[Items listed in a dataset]
::::

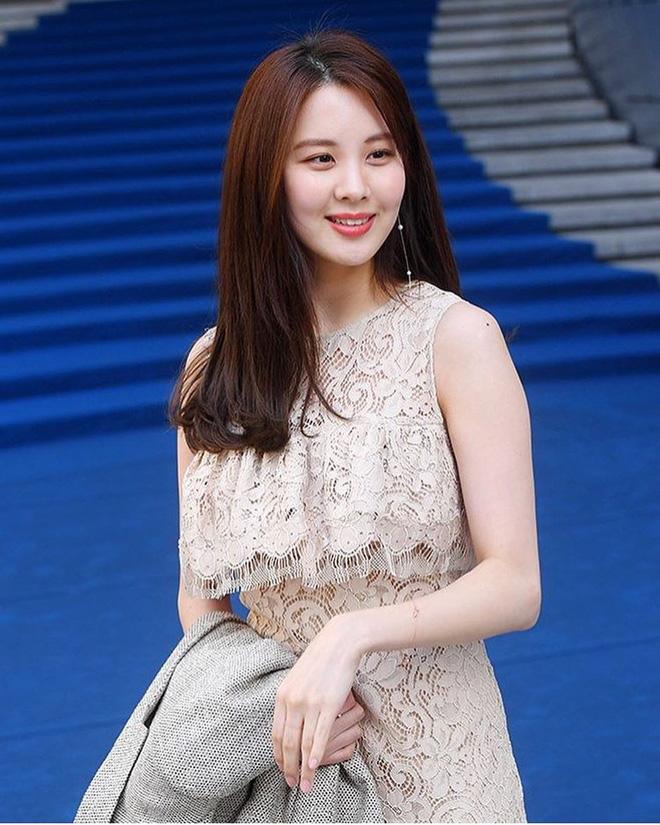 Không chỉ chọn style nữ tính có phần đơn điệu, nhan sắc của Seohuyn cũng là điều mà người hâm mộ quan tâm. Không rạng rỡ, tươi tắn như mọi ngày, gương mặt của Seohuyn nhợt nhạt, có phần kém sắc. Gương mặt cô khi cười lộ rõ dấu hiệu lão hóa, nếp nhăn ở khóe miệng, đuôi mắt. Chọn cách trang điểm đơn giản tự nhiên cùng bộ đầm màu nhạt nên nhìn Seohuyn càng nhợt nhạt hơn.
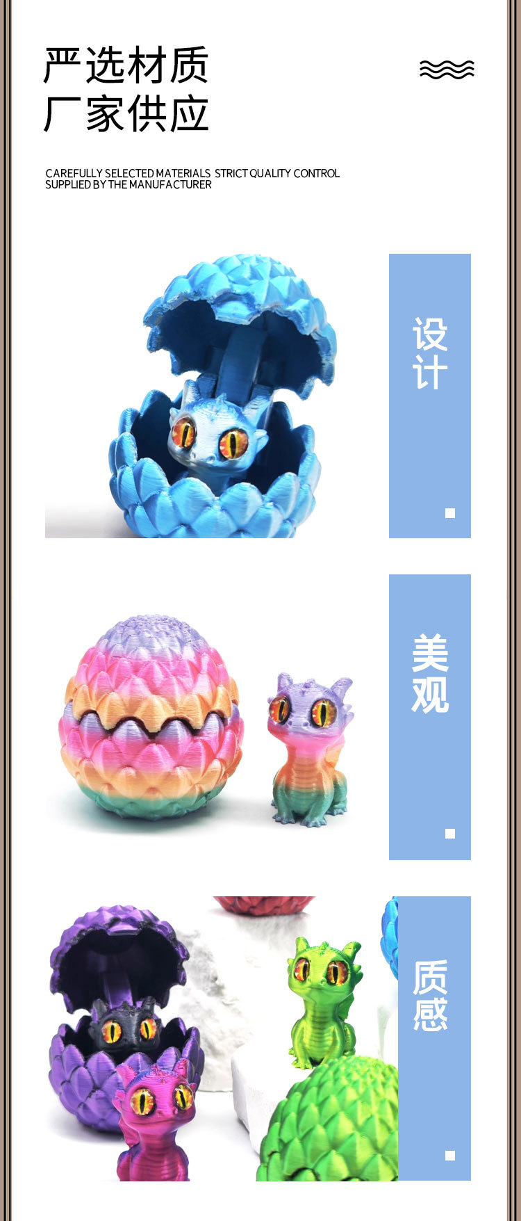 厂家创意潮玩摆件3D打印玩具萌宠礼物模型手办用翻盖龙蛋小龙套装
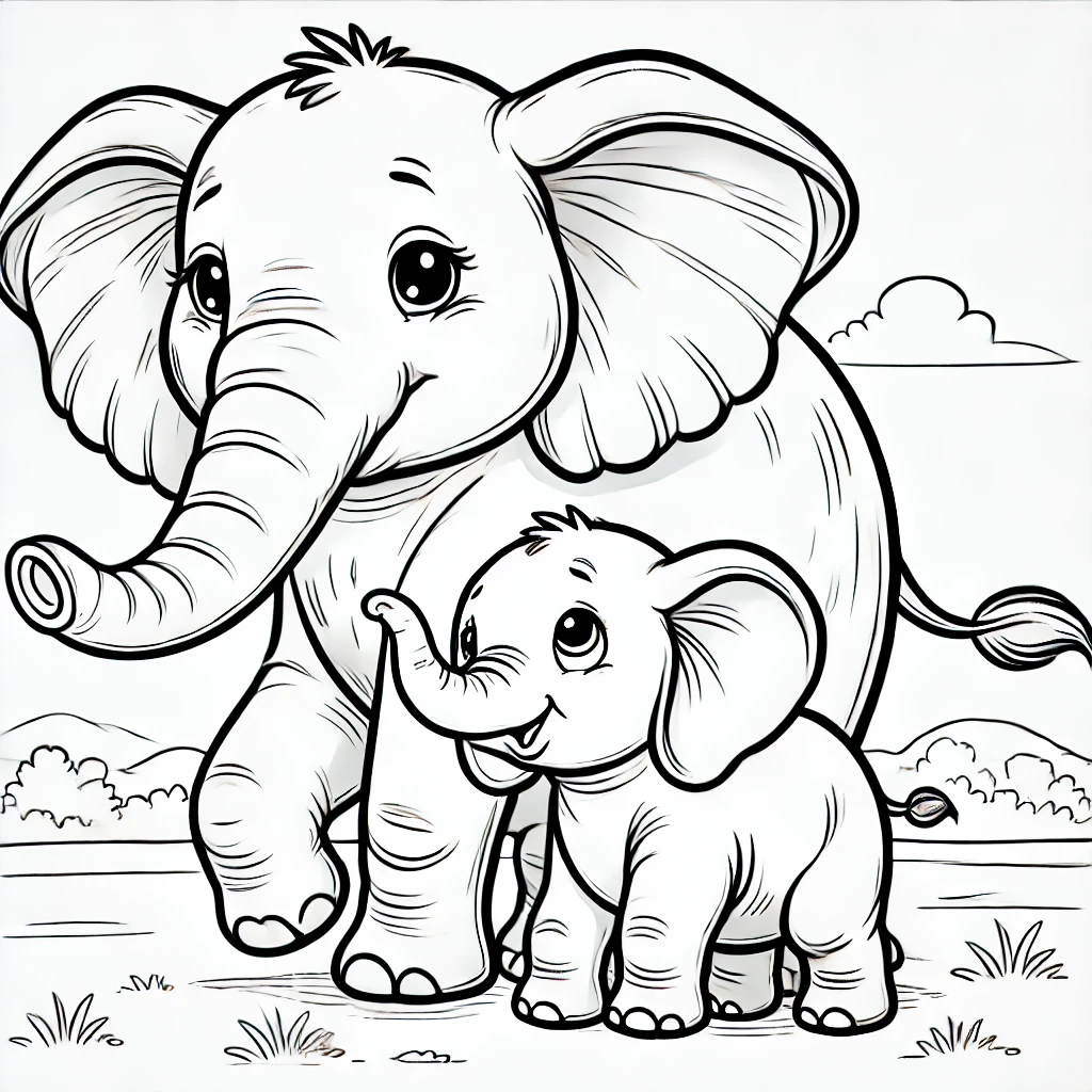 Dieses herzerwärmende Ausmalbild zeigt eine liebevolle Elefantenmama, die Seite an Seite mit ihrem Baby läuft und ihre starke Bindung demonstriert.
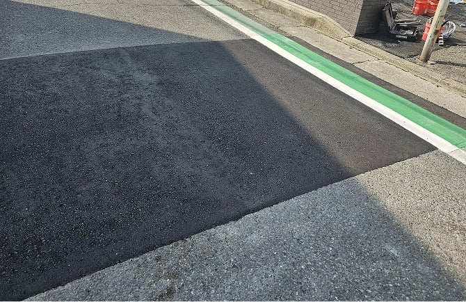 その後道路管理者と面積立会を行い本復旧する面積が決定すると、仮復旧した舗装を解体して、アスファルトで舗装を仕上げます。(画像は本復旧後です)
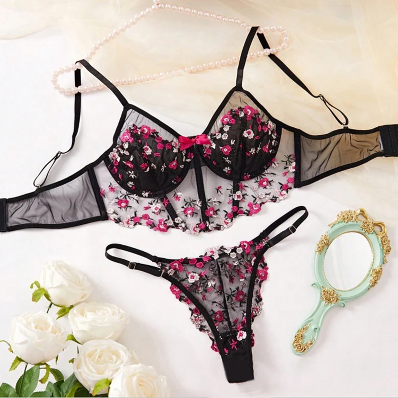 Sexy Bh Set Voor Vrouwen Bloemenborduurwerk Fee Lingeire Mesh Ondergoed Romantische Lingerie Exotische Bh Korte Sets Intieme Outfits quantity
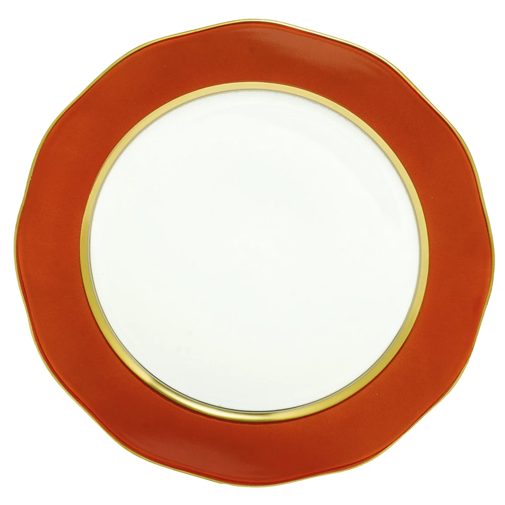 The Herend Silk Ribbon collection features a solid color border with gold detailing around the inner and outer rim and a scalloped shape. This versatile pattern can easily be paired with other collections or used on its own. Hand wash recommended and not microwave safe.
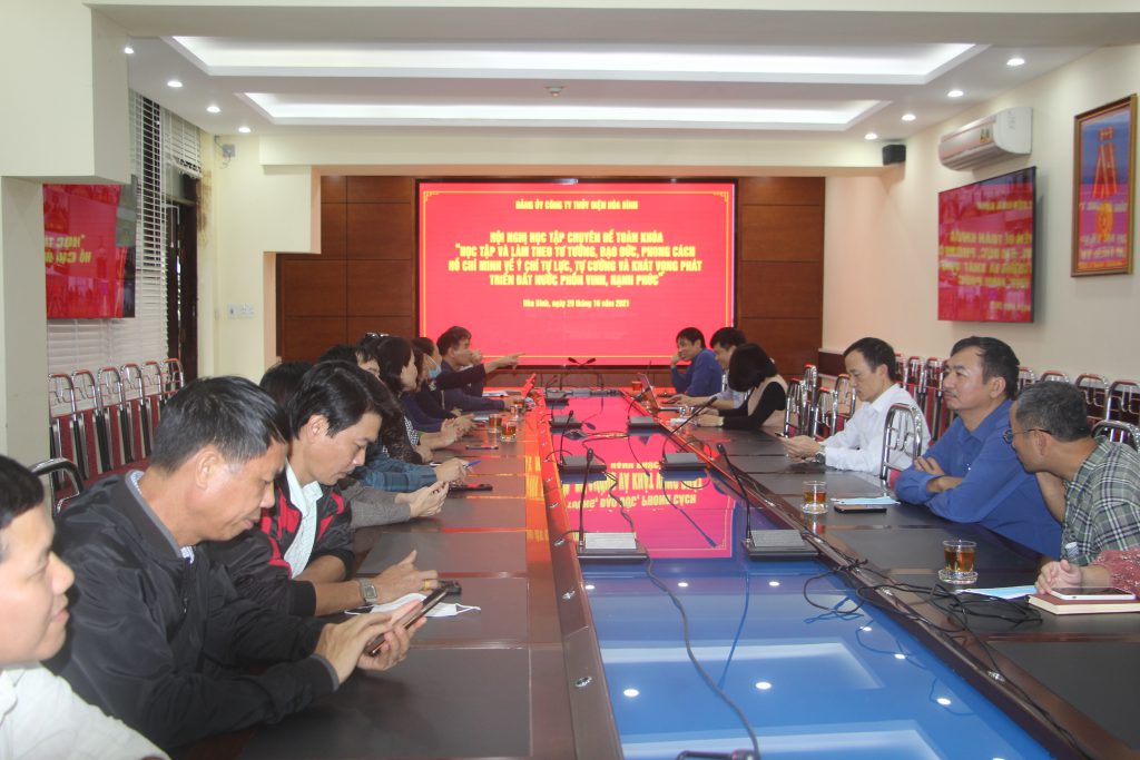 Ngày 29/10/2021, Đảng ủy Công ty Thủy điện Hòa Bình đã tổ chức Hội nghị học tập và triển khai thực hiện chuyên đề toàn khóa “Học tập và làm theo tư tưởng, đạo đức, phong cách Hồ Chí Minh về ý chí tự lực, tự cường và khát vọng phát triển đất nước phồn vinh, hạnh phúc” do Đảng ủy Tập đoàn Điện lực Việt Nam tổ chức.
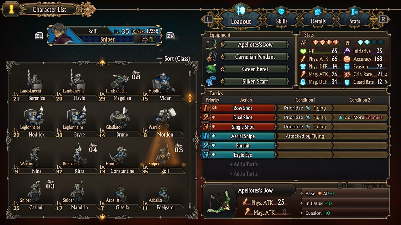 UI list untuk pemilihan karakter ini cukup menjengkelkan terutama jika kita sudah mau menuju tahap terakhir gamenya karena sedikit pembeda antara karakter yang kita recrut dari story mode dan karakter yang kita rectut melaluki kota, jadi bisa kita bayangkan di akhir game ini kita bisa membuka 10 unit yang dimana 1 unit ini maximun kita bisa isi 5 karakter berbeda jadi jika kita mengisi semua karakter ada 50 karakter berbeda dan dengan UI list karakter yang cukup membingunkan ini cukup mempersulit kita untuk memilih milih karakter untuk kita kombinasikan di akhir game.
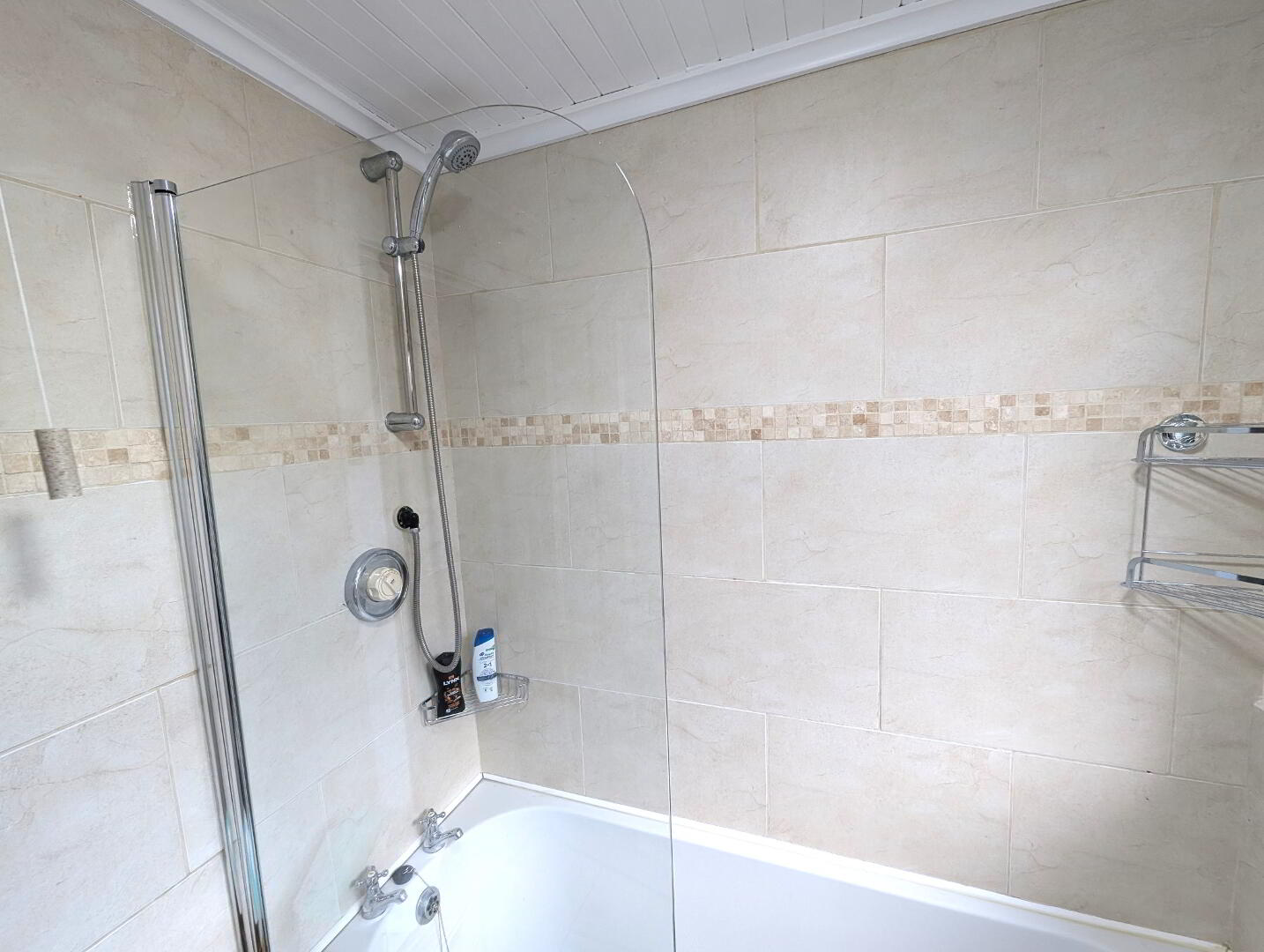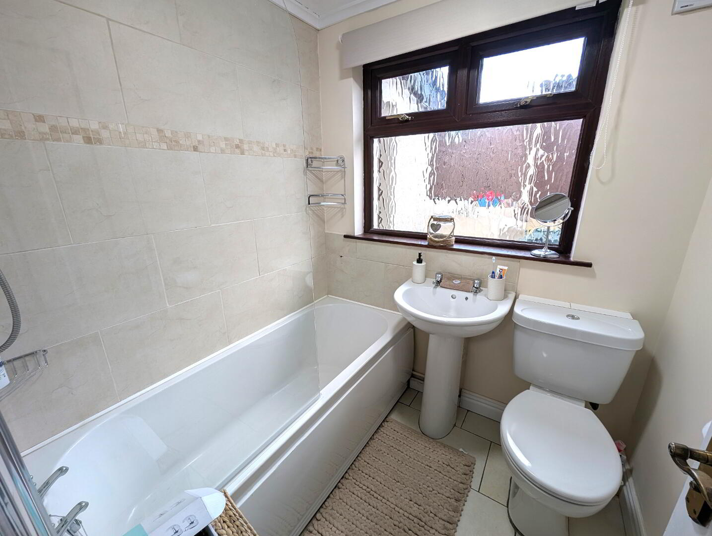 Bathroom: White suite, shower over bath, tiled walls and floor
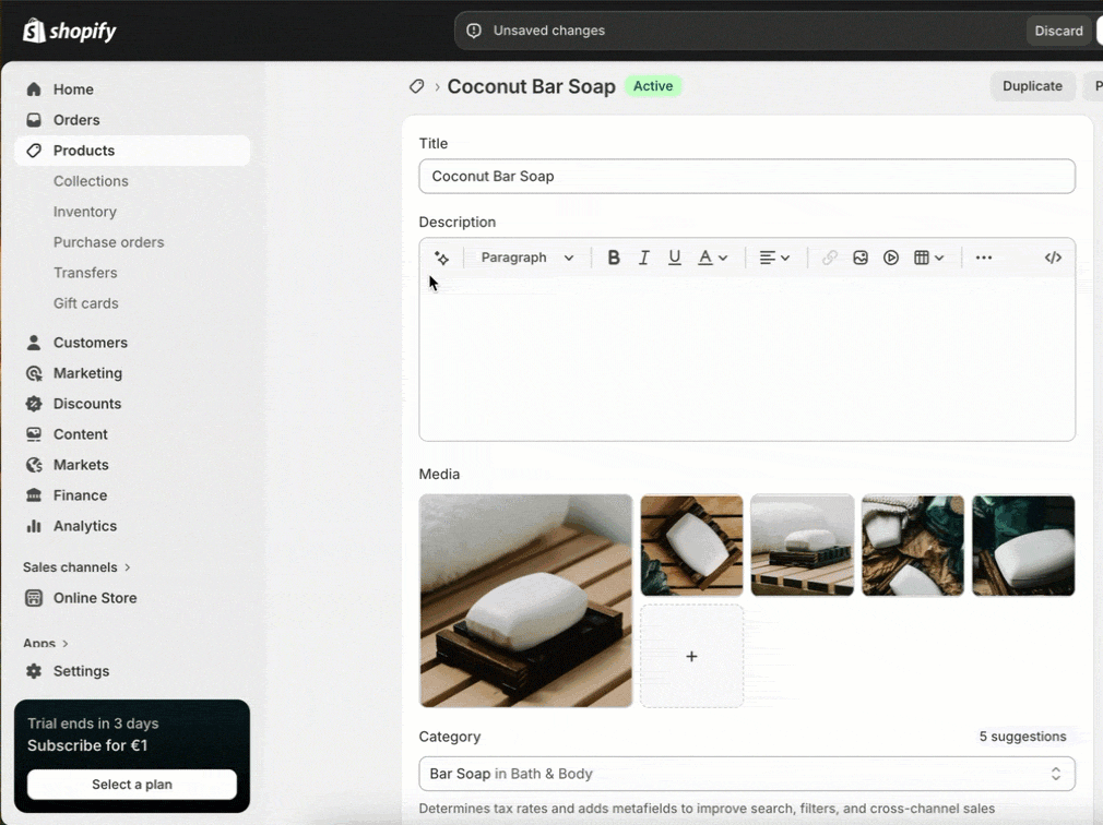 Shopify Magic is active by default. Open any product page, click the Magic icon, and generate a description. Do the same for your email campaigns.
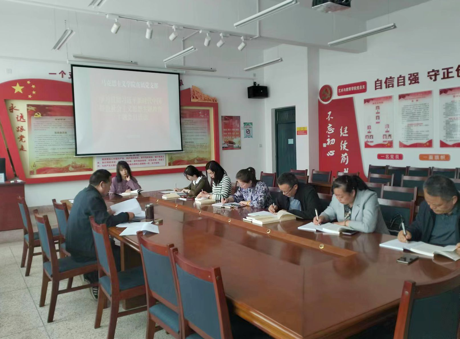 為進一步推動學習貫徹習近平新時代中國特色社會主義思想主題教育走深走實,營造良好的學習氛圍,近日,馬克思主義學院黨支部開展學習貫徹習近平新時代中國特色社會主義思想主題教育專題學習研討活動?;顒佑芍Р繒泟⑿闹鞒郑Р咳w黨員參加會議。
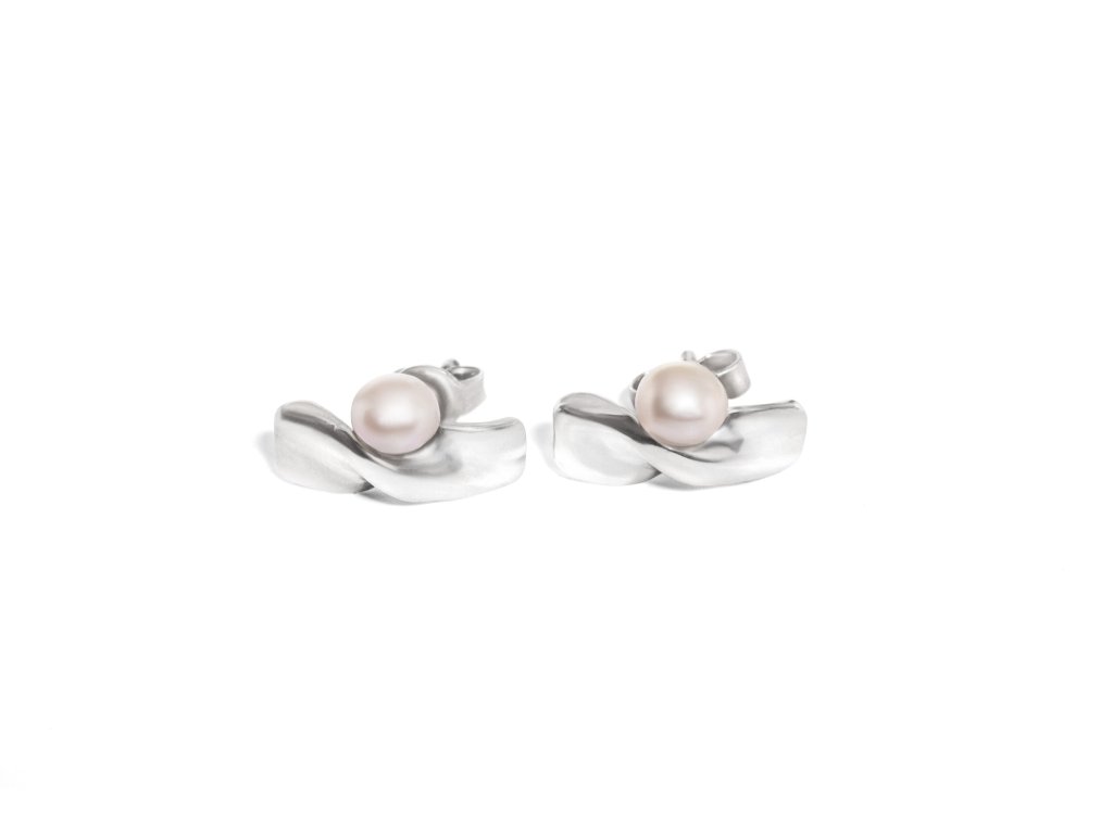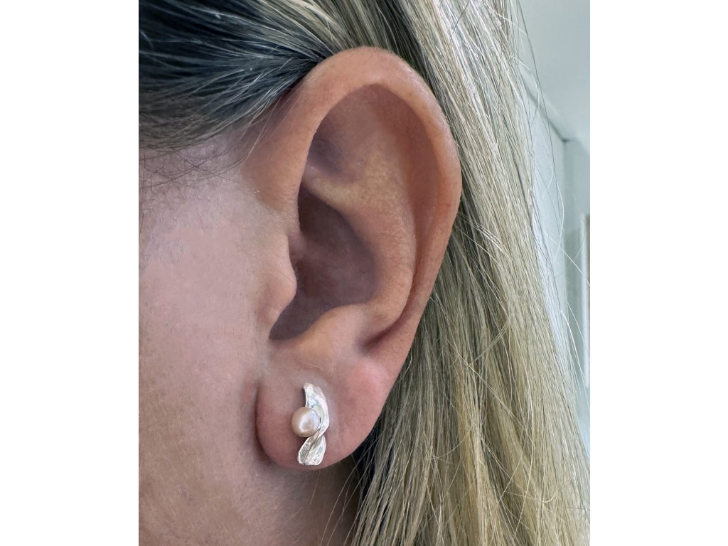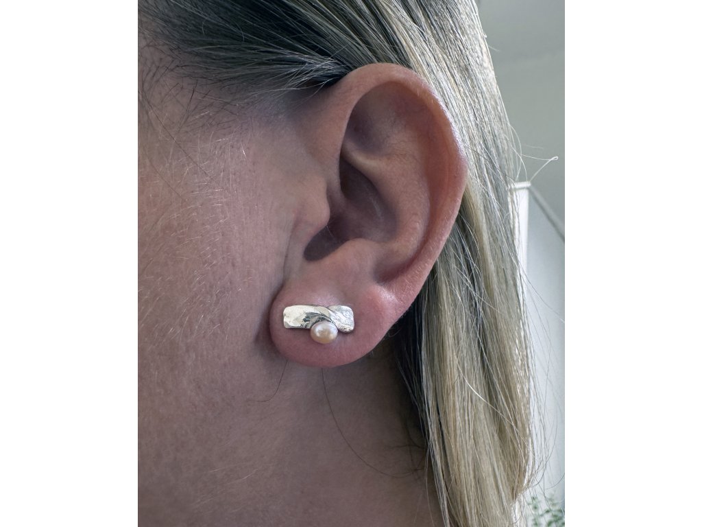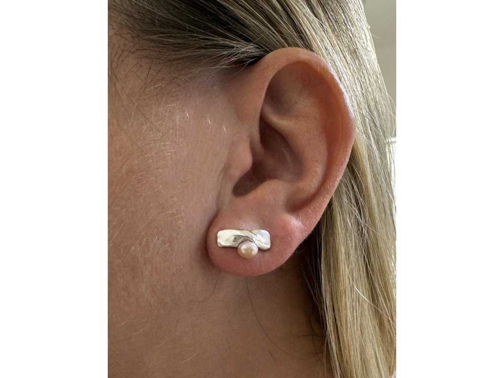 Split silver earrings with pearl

::::

## EXERCISE DETAILS:
Could you repeat, exactly and with nothing else, the lines from the first line of the records through the line containing "その後道路管理者と面積立会を"? Leave out the pictures.

## THE COMPLETED TASK:
 Không chỉ chọn style nữ tính có phần đơn điệu, nhan sắc của Seohuyn cũng là điều mà người hâm mộ quan tâm. Không rạng rỡ, tươi tắn như mọi ngày, gương mặt của Seohuyn nhợt nhạt, có phần kém sắc. Gương mặt cô khi cười lộ rõ dấu hiệu lão hóa, nếp nhăn ở khóe miệng, đuôi mắt. Chọn cách trang điểm đơn giản tự nhiên cùng bộ đầm màu nhạt nên nhìn Seohuyn càng nhợt nhạt hơn.
 厂家创意潮玩摆件3D打印玩具萌宠礼物模型手办用翻盖龙蛋小龙套装
 Dieses herzerwärmende Ausmalbild zeigt eine liebevolle Elefantenmama, die Seite an Seite mit ihrem Baby läuft und ihre starke Bindung demonstriert.
 その後道路管理者と面積立会を行い本復旧する面積が決定すると、仮復旧した舗装を解体して、アスファルトで舗装を仕上げます。(画像は本復旧後です)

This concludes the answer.